Danke für eure Antworten!!!!!

gruß maigru


----------



## pogo (23. Apr 2004)

Programmier eigntlich nur java aber da gibt es auch die möglichkeit mit switch eine auswahl zu treffen.
wozu brauchst du denn dieses Programm?
was soll es genau können.


----------



## maigru (23. Apr 2004)

pogo hat gesagt.:
			
		

> wozu brauchst du denn dieses Programm?
> was soll es genau können.



hallo,
das script soll auf eine homepage drauf und es soll eine geburtstagsliste werden, so art kalender.
also da soll dann eigentlich der text "heute hat bla bla geburtstag" erscheinen.


----------



## pogo (26. Apr 2004)

wäre mit zwei switch anweisungen möglich.
switch monat und in den monaten dann nochmal switch tag.

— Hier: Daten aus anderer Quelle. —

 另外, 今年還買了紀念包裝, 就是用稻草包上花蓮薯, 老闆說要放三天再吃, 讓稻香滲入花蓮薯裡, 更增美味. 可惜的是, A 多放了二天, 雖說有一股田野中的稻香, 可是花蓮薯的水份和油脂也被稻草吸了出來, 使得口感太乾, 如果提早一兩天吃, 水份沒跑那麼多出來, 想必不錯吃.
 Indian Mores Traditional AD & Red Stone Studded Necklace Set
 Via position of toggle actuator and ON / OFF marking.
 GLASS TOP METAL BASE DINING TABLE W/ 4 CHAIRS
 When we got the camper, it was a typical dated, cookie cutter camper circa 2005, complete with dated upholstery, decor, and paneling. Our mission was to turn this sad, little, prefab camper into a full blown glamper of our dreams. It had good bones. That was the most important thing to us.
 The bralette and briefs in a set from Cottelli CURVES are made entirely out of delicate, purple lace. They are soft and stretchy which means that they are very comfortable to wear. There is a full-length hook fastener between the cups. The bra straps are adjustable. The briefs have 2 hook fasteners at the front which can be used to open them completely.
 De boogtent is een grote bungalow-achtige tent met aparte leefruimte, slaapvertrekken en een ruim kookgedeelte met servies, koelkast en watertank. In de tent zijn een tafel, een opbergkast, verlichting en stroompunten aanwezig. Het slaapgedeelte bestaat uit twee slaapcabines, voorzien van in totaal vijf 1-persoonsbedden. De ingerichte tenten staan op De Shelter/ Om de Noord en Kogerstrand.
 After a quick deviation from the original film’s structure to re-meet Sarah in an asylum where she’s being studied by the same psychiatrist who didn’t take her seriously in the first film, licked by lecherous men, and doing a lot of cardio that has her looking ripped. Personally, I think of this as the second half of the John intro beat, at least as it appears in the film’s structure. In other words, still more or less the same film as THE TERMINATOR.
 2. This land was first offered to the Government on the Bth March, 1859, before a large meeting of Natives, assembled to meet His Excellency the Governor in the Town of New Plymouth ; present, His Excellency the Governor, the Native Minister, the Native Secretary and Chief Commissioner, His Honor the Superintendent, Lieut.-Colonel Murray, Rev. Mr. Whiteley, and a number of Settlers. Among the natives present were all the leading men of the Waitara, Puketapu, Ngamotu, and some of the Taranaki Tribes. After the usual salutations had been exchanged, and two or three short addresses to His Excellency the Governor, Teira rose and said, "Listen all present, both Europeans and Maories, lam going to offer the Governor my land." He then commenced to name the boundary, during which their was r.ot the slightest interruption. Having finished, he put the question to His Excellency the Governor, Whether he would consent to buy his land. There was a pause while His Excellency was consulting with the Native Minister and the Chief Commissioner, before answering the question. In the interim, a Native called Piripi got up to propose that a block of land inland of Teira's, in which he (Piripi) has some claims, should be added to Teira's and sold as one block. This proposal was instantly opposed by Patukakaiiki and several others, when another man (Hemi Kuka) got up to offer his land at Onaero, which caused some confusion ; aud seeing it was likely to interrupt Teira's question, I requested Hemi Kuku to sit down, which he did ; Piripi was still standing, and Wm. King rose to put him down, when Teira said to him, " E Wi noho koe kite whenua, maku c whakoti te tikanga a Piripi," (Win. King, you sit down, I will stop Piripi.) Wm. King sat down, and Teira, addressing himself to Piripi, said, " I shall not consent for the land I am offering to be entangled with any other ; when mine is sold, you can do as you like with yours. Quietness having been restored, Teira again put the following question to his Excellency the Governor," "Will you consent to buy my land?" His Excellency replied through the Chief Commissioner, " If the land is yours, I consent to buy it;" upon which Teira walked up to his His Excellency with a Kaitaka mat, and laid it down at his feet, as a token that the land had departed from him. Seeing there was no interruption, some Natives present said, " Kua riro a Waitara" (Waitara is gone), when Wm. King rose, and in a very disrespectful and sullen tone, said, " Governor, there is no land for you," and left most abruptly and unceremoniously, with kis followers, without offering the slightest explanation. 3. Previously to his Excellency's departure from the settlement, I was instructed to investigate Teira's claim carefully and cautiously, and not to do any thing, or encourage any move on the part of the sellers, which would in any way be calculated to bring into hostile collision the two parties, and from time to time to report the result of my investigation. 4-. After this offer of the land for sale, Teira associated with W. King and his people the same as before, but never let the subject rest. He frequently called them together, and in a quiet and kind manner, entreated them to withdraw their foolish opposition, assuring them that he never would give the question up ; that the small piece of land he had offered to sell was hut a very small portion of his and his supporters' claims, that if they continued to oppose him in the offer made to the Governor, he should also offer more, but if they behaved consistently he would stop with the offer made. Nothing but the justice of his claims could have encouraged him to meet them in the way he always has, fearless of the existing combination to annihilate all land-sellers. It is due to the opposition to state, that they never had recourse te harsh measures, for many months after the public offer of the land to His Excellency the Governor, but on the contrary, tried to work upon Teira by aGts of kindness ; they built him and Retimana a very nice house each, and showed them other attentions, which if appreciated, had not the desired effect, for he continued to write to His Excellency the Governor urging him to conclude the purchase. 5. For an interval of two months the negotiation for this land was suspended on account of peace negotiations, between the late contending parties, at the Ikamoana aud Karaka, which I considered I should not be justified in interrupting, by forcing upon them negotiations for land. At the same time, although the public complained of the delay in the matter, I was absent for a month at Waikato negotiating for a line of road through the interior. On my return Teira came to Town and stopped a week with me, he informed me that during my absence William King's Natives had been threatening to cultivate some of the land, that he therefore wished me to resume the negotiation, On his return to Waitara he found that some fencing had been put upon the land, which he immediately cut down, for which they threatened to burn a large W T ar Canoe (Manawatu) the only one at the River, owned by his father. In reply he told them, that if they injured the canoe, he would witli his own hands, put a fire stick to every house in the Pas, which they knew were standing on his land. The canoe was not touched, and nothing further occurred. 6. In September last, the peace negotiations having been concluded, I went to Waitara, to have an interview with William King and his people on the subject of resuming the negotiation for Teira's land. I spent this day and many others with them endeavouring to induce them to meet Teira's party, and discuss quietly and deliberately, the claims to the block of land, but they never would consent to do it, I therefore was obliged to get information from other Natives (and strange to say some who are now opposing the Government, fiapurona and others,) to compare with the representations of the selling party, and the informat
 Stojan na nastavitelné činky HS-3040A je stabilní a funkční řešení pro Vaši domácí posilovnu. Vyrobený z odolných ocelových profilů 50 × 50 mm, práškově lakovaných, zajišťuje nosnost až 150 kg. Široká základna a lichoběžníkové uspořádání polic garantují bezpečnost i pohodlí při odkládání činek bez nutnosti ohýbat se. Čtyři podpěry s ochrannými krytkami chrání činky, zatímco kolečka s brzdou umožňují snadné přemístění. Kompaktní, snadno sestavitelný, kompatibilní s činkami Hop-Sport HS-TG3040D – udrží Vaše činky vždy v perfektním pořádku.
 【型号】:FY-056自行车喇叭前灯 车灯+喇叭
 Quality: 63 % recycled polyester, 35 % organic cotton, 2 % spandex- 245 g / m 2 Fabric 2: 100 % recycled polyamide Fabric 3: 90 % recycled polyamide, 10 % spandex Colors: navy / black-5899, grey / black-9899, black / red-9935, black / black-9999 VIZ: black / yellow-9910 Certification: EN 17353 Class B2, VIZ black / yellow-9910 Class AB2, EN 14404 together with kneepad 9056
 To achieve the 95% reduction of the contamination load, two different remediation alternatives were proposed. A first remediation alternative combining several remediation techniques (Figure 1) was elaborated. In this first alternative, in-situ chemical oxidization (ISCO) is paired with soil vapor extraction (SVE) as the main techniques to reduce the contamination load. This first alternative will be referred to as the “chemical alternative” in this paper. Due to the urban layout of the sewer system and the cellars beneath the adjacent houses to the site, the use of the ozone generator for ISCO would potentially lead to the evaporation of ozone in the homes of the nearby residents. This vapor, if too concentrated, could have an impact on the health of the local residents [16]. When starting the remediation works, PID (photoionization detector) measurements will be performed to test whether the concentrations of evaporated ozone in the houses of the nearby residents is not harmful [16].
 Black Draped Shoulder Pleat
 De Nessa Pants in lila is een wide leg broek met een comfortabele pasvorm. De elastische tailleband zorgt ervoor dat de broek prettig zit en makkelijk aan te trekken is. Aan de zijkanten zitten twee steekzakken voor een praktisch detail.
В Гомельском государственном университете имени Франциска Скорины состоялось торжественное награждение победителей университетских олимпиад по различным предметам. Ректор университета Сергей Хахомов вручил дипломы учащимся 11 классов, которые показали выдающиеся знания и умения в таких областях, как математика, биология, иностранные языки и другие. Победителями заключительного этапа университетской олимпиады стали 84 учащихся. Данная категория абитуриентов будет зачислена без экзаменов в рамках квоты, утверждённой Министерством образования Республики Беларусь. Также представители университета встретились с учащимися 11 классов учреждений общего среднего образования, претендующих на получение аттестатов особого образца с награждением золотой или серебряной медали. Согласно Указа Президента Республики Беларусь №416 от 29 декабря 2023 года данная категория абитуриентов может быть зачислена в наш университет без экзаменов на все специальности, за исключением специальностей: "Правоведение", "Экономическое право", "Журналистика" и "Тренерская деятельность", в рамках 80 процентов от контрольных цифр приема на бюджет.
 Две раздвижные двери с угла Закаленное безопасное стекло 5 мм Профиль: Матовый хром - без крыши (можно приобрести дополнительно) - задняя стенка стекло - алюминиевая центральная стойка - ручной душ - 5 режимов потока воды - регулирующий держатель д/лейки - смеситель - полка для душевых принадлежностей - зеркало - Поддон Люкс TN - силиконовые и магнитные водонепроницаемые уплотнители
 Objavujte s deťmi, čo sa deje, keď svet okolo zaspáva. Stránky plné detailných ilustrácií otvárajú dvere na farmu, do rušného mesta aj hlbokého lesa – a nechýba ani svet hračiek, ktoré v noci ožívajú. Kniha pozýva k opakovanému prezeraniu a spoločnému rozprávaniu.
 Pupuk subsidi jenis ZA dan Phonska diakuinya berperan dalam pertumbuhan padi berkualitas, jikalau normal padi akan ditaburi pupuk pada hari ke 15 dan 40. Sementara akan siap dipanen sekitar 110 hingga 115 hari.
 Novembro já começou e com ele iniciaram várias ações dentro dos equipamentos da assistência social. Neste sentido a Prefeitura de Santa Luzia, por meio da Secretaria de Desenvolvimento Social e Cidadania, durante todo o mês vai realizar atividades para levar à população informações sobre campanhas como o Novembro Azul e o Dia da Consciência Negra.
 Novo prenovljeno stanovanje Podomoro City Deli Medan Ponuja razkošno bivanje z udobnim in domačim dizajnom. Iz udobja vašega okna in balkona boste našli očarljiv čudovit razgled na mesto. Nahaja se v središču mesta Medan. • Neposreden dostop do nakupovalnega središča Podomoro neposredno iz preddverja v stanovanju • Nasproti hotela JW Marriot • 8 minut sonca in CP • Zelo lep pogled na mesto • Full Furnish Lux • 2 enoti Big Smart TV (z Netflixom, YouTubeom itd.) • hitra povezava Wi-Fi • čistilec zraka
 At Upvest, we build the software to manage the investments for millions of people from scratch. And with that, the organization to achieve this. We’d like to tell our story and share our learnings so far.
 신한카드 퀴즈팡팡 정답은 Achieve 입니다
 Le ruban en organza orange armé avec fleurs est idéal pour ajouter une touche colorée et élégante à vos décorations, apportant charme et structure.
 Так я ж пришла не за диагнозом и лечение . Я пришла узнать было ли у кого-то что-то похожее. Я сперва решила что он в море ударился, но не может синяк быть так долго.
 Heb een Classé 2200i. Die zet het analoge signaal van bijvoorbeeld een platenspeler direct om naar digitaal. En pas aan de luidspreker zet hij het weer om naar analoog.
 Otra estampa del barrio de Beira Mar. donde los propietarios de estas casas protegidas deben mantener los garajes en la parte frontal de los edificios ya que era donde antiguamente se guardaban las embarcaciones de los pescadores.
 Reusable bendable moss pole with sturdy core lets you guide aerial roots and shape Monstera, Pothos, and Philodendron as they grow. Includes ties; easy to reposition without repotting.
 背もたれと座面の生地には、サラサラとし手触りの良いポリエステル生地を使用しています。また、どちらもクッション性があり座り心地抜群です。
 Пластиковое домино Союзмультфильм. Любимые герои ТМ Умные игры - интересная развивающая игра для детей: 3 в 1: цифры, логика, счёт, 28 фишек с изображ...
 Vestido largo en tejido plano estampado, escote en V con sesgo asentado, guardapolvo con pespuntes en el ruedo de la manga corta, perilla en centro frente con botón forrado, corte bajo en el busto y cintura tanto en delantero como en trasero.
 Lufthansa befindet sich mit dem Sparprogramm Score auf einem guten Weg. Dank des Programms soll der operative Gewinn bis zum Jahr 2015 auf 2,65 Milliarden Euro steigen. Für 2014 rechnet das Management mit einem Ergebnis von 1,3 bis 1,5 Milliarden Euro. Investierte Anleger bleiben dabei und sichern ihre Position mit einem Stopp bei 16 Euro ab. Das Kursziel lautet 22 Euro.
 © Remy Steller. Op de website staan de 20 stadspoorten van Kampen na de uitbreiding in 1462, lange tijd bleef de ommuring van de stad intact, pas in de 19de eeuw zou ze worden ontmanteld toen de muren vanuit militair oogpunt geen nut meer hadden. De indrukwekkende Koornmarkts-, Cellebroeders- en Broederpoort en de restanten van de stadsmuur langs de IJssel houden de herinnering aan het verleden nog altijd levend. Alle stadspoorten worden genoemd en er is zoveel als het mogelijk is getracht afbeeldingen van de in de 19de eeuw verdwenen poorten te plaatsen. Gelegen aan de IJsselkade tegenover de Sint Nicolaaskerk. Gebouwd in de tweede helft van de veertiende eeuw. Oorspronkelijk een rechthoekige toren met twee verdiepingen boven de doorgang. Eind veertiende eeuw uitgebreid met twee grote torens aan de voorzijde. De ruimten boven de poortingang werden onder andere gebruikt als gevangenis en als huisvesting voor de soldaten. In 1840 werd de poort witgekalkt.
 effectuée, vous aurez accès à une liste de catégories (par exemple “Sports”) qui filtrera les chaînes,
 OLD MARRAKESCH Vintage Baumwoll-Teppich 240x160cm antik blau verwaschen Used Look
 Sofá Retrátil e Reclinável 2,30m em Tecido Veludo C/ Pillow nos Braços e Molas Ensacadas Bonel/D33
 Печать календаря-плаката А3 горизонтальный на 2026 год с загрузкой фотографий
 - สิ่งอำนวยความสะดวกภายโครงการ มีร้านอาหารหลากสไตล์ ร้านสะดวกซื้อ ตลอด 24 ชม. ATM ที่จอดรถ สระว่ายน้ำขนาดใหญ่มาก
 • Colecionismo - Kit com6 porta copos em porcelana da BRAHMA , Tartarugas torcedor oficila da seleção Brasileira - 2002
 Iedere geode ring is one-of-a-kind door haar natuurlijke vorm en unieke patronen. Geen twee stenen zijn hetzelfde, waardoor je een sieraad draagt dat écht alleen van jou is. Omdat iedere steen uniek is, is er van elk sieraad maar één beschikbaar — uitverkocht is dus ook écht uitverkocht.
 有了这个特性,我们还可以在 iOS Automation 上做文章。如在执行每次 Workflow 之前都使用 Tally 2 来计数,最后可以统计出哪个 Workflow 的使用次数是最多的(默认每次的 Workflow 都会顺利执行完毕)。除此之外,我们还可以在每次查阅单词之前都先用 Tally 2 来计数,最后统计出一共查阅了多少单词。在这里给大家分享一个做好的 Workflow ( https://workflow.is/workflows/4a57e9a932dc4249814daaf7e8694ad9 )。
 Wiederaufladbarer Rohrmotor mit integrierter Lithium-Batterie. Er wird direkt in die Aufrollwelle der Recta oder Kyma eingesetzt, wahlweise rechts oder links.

sonst halt per Datenbank und z.B.php oder sql möglich.


----------



## maigru (26. Apr 2004)

danke pogo werde es mal versuchen bin aber immer für neue möglichkeiten offen :lol: 

eine db wäre das einfachste und sinnvollste, 
aber da es alles free bleiben soll geht das nicht da es keinen der php und sql für 0,- anbietet.


gruß maigru


----------



## pogo (26. Apr 2004)

du könntest dir auch noch mehr dimensionale arrays anlegen.
erste dimension für den monat, die nächste für den tag und dann noch eine für die personen.
kam mir grad so spontan, musst du mal drüber nachdenken.


----------